Question

Evaluate \(h(2)\), where \(h=g \circ f\). \(f(x)=\sqrt[3]{x^{2}-1}, \quad g(x)=3 x^{3}+1\)

Short answer

The short answer is: \(h(2)=10\).

Step-by-step solution

Write the expression for the composite function \(h(x) = g(f(x))\)

A composite function is a function obtained by composing two functions. In our case, we have \(h(x) = g \circ f\), which means that the output of \(f(x)\) is used as an input for \(g(x)\). This can be written as \(h(x) = g(f(x))\).

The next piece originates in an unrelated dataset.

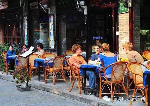 阳朔人爱吃的糍粑与米粉、正宗的意大利咖啡与西餐、古老的中国画、最前卫的休闲风尚、国语、英文、法语、意大利语乃至西班牙语……种种看似不可能的,全部柔合在长度不足1000米的岭南小街里。

Substitute the given functions \(f(x)\) and \(g(x)\) into the expression for \(h(x)\)

We are given the functions \(f(x)=\sqrt[3]{x^{2}-1}\) and \(g(x)=3x^3+1\). We can substitute these into our expression for \(h(x)\) as follows: \[ h(x) = g(f(x)) = 3(\sqrt[3]{x^{2}-1})^3 + 1. \]

Evaluate \(h(2)\) by plugging \(2\) for the input value \(x\)

To find the value of \(h(2)\), we replace \(x\) with \(2\) and perform the calculations: \begin{align*} h(2) &= 3(\sqrt[3]{(2)^{2}-1})^3 + 1 \\ &= 3(\sqrt[3]{3})^3 + 1 \\ &= 3(3) + 1 \\ &= 9 + 1 \\ &= 10. \end{align*} So, we find that \(h(2) = 10\).